Pension

How To Boost Later Life Income


Inflation is a normal occurrence within a growing economy, but without forward planning, it can also erode your later-life income – particularly if you hold much of it in cash.

After the peak of the pandemic subsided, inflation began to rise throughout the UK, US and Europe. Here in Britain, inflation peaked at 11.1% in October 2022 before beginning to gradually decline again. According to the Office for National Statistics (ONS), inflation stood at 6.7% in the year to September 2023.

Yet even when inflation hasn’t been rising sharply, as it has done in the past two years, it can still deplete the real-terms value of your retirement fund over time. The Bank of England (BoE) has set a target inflation rate of 2% – and if this remained steady throughout your retirement, your wealth’s spending power could be significantly diminished over time.

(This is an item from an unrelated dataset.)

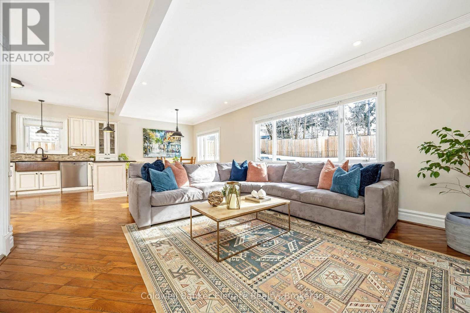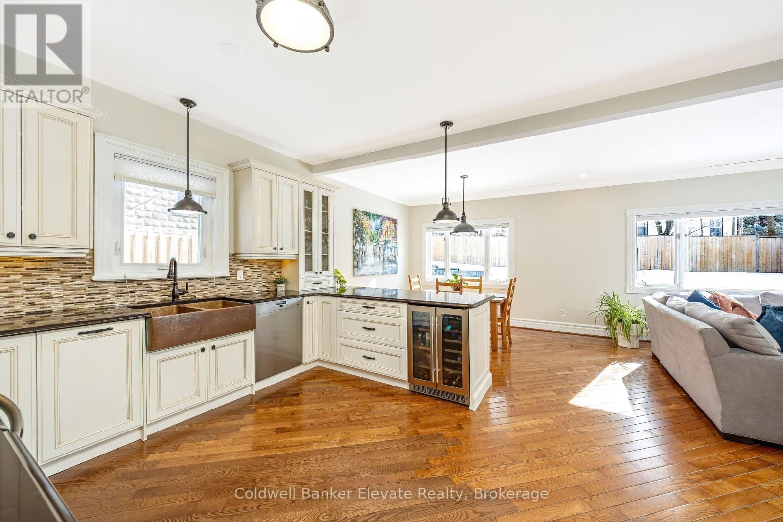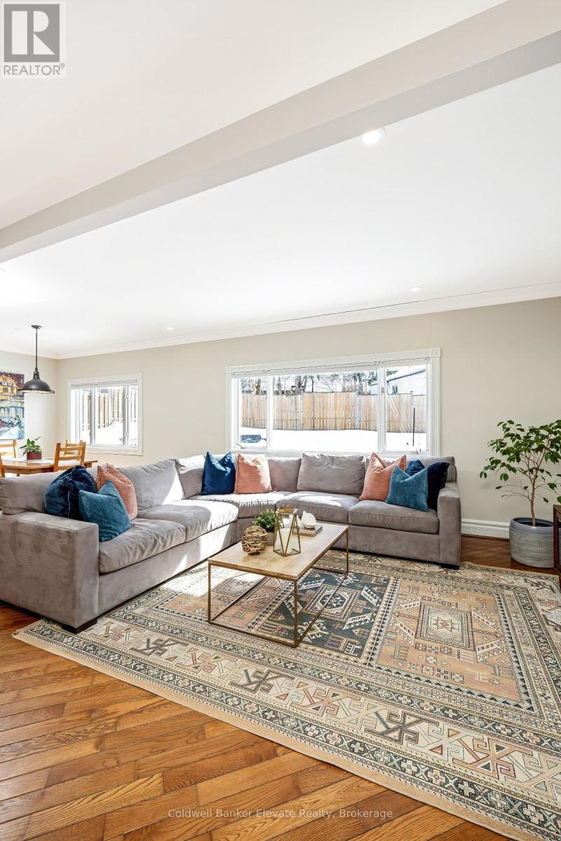 Welcome to 6 Queen Street! This beautiful, Victorian-inspired stone home is filled with charm & comfort, perfectly situated in the heart of Georgetown & just minutes from the Georgetown GO. The bright front sunroom, wrapped in windows, leads into a warm & inviting foyer featuring hardwood flooring, high baseboards, deep-set windows, and 10-foot ceilings that span the main level. The living room boasts hardwood floors, a bay window overlooking the front yard, and one additional large window flooding the room with natural light. The dining room offers a cozy wood-burning fireplace, creating the perfect ambiance for gathering. A main floor office with wood-panel wainscoting provides an ideal work-from-home space & can easily double as a main floor bedroom. A spacious addition expands the living area, showcasing an updated open-concept kitchen with granite counters, shaker cabinets, a double sink, built-in microwave, wine & beverage fridge & a window overlooking the side yard. The bright and airy breakfast area opens into the large family room, where a picture window frames views of the backyard & includes a convenient walkout to the side yard. A charming main floor powder room is an added bonus! Upstairs are two bright bedrooms with the primary featuring hardwood floors & a walk-in closet. The second bedroom also includes hardwood flooring and a beautiful bay window overlooking the front yard. The updated five-piece family bath offers a free-standing soaker tub, glass-enclosed walk-in shower, double sink & built-in vanity. The lower level provides excellent additional space for family or guests, complete with a rec room, bonus room/den & secondary kitchen. This basement also includes a brand-new three-piece bathroom with glass shower, laundry area with cabinetry & a folding counter. Outside, the large, fenced yard features an interlock patio, a shed, & plenty of room to play. Enjoy being a short walk to parks, schools, shops, & Georgetown's charming downtown. (id:64974)

Indeed, an example offered by Nest Pensions shows just how detrimental inflation can be for your cash. If you put £10,000 in savings today, and inflation remained at a consistent 2.5% rate for the next 25 years, your money would be “worth” just £5,394 in 2048.

Fortunately, keeping a significant portion of your wealth invested throughout your retirement can help keep the effects of inflation at bay.

Although there is some risk involved with investing, equities typically outpace the rate of inflation over the long-term – so remaining invested, rather than drawing your entire pension in cash at the start of retirement, could be constructive.